Mar 19, 2006

ATM fraud scandal ignites mag stripe vs. chip debate: some experts just don’t get it

Some credit and debit card security experts just don't get it. The ATM fraud scandal in the US is being called “the worst hack ever” and “the worst consumer scam to date” and has reignited debate over mag stripe vs. chip. The debate is revealing basic misunderstandings among some payments experts.

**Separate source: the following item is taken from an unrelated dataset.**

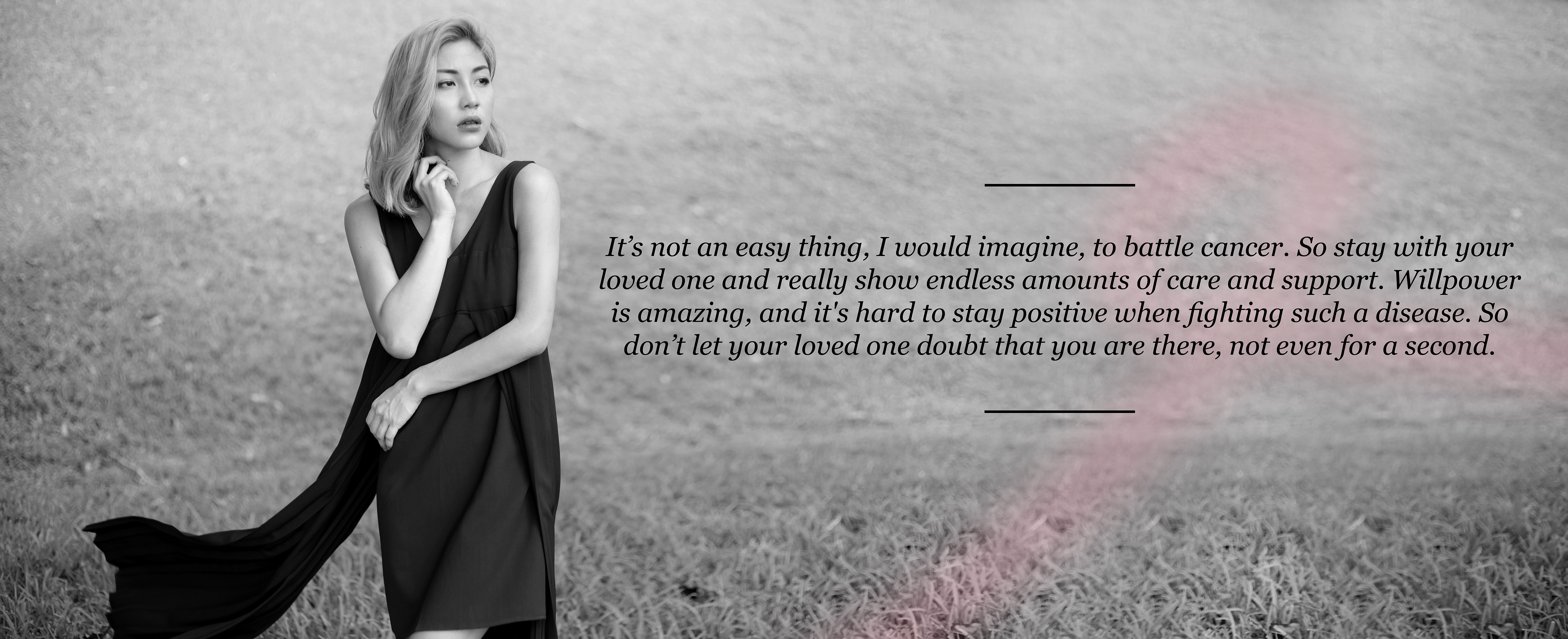 Honestly, I really don’t know what to say. It’s an incredibly hard thing to do, and I would still find myself falling if it happened again. When my mom died, I was really young and I honestly didn’t know what was going on or even how to handle it. I didn’t even really understand grief fully till 4-5 years later. But if anything, I would say that you can’t handle it alone. I found a lot of comfort and catharsis through the years talking to my brother or my dad about it. It’s not an easy thing, I would imagine, to battle cancer. So stay with your loved one and really show endless amount of care and support. Will power is amazing, and it hard to stay positive when fighting such a disease so don’t let your loved one doubt that you are there, not even for a second.

It appears that credit and debit card information was stolen along with security keys needed to re-create the PIN codes, probably from a third party processor. The information was used to create fake cards and withdraw money from ATM machines in the UK, Russia and Canada. A Bank Systems & Technology article last week, “Lessons to Learn from Citi Data Breach”, shares the viewpoints of 3 analysts, Bruce Cundiff (Javelin Strategy & Research), Jon Gossels (SystemExperts) and George Tubin (TowerGroup). Naturally, the discussion reignited the debate on mag stripe vs. chip in the US.

"This situation brings together a perfect storm of issues —mag stripe vs. chip, PIN vs. signature debit, and merchant storage of data," comments Cundiff. "I think this is potentially the beginning of building a business case for chip cards in the U.S. I'm wondering if this is the tipping point for adopting chip cards in the U.S."

Gossels is not so sure about this. "It is important to focus on what the problem is that you're trying to solve," he explains. "Smart cards would not have solved this particular problem. Look at the way credit cards are used over the phone. You give your name and account number to the person on the other line. It doesn't matter if they have your card, as long as they have your data."

Gossels just doesn’t get it. You can’t create a fake smart card using information provided over the phone. It sounds like he doesn’t even know which security breach everyone is talking about. People are using fake cards to pull money out of ATM machines, lots of money. Not to buy flowers over the phone.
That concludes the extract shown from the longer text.